I was so excited when I heard that A Memory Called Empire was getting a sequel and I was not disappointed!!

A Desolation Called Peace picks up directly after the (catastrophic) events of A Memory Called Empire. Mahit Dzmare is back on Lsel, aliens are attacking Teixcalaan’s fleet full force, and Three Seagrass has landed herself a job at making first contact with the human murdering aliens.

First of all, I really loved the whole first contact vibe that the book had going on. It reminded me a lot of Arrival (a great movie) and as always, I love Arkady Martine’s creativity in how she wrote about the Alien’s “language” and different forms of communication.

Another great thing about this sequel was all the new POVs! A good amount of the book is told from Three Seagrass’s perspective, which I felt gave a lot more insight into her relationship with Mahit. Another new POV we get in this book is Eight Antidote!
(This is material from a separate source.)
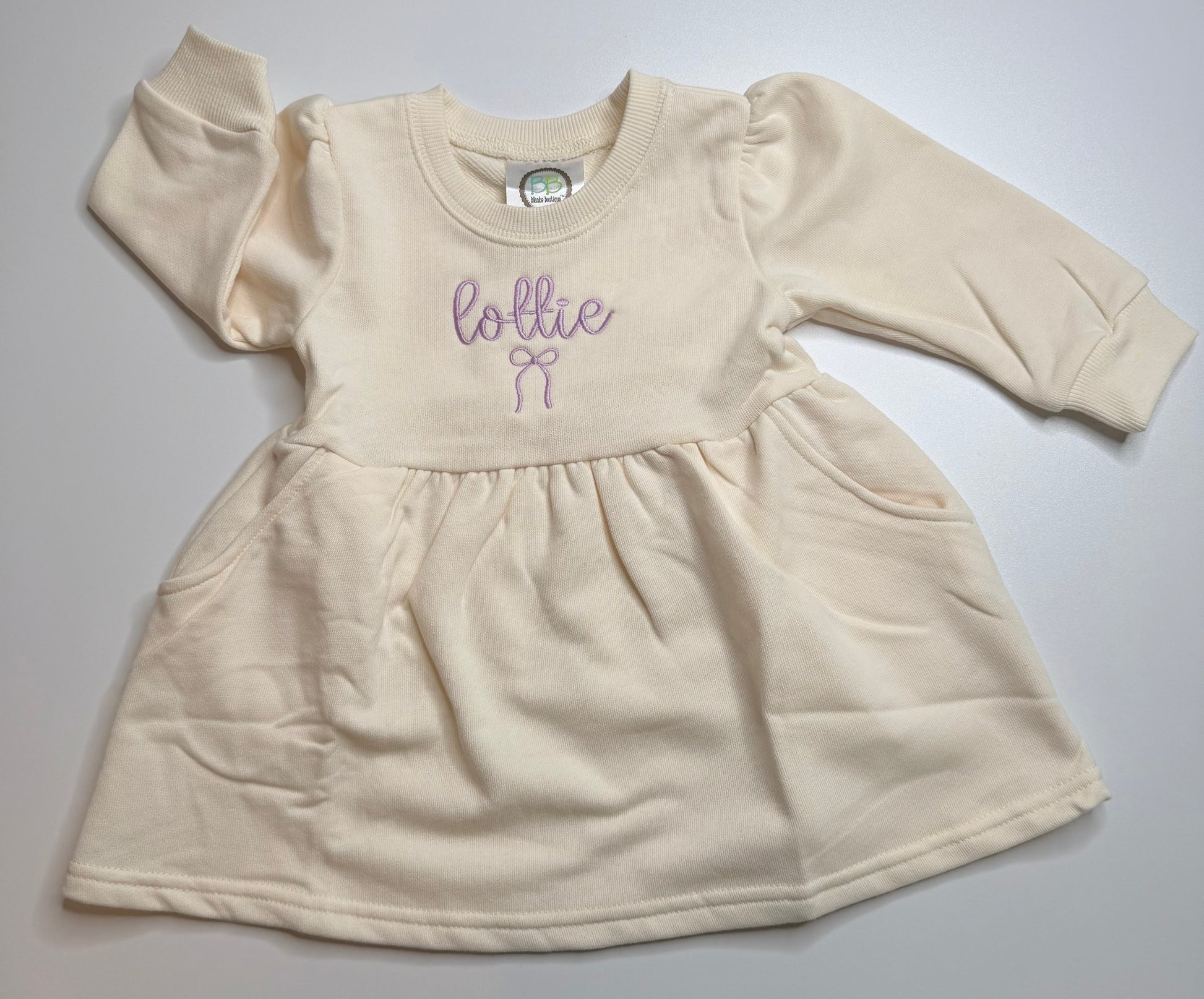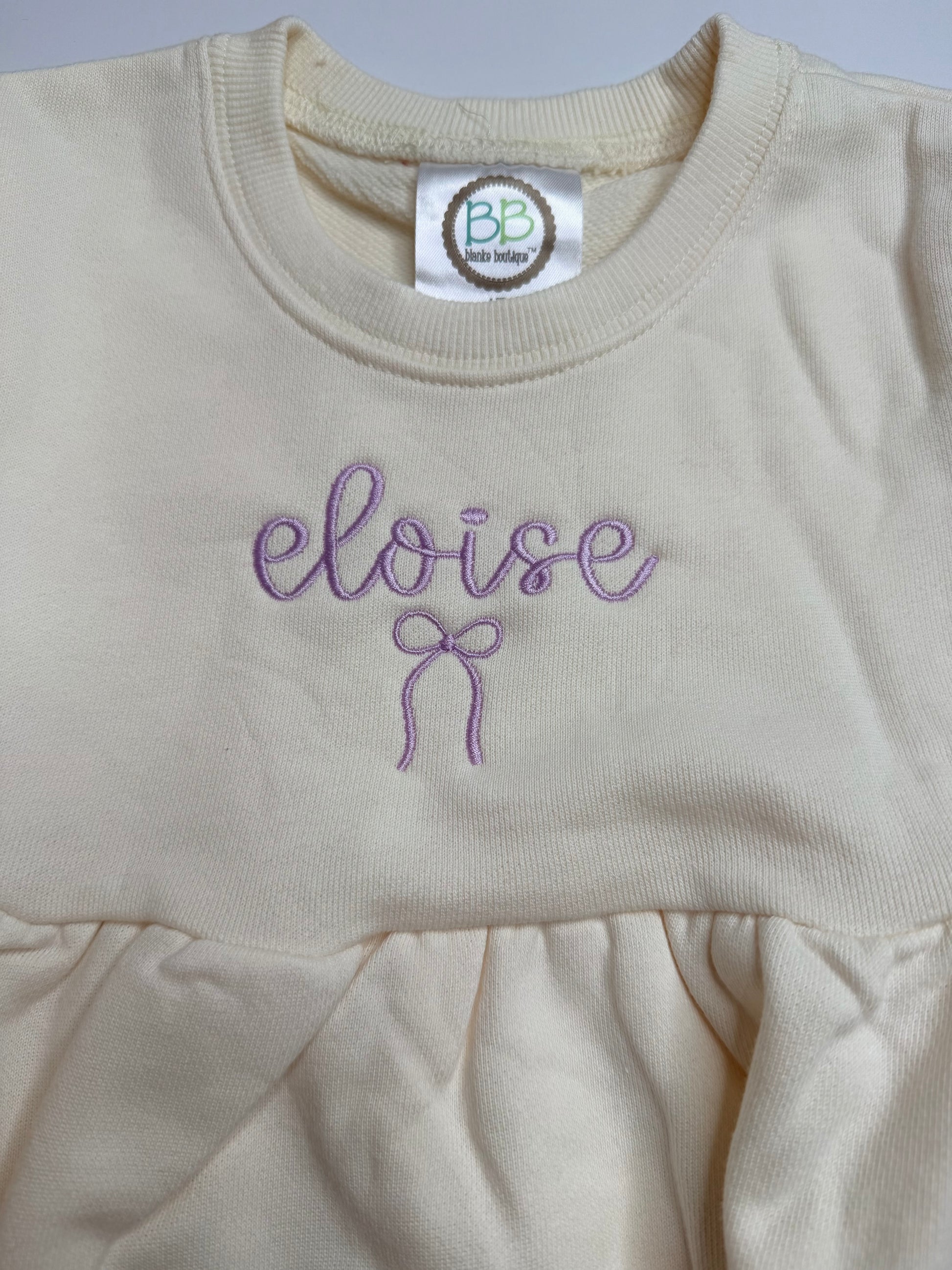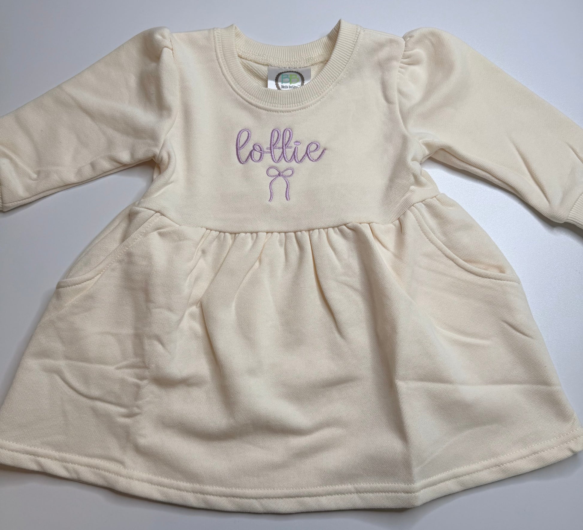 This adorable embroidered girls dress is the perfect outfit for Easter, Birthdays, Sibling Photo Shoots, Sunday Church or anytime. This dress is available in a fleece sweatshirt long sleeve option or a short sleeve ruffle empire waist option. Both are soft, comfortable and so cute on! The dress is personalized with your child's name in a sweet all lowercase script font with a bow. The short sleeve empire waist dress is available in a variety of colors ( Lavender, Mint, Light Blue, Yellow, Coral and Pink). The Sweatshirt dress is only available in 4 colors (Cream, Grey, Pink and Red). All are offered with 4 thread color choices. Should you be interested in a different thread color, please message us. We are happy to work with you to find the color combination you are looking for. Images shown feature the Cream Sweatshirt Dress with Lavender Thread.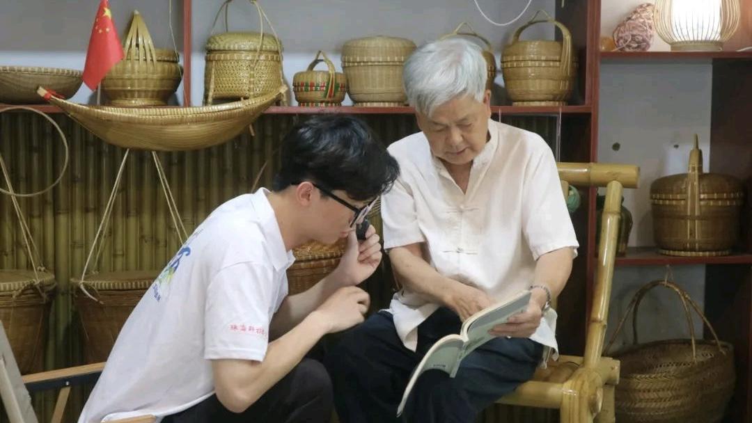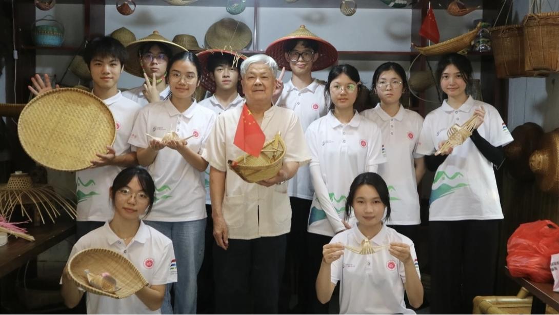 活动期间,我们走访了三灶竹编传承人汤何佳老人的工作室,近距离感受这项传统技艺的魅力。工作室中竹香浓郁,各类竹编成品、半成品及荣誉证书整齐陈列,见证了技艺的传承与发展。汤何佳老人详细介绍了三灶竹编的历史渊源、工艺特点及代表作品,并亲自指导我们体验竹编制作。在老人的耐心教学下,我们亲手完成了简易竹编小船,深刻体会到竹编技艺中蕴含的精巧构思与匠人精神,也认识到这项非遗技艺传承的重要性。

I was really excited about this because I really wanted to see more of him in book one.

The book switches POVs a lot throughout which I felt worked with the fast-paced atmosphere of the book. I enjoyed all the new POVs that were introduced, each new POV another testament to Arkady Martine’s skill at characterization.

I really enjoyed this sequel, and I hope that we’ll get another chance to explore the wonderful world that Arkady Martine has built up in her first two books.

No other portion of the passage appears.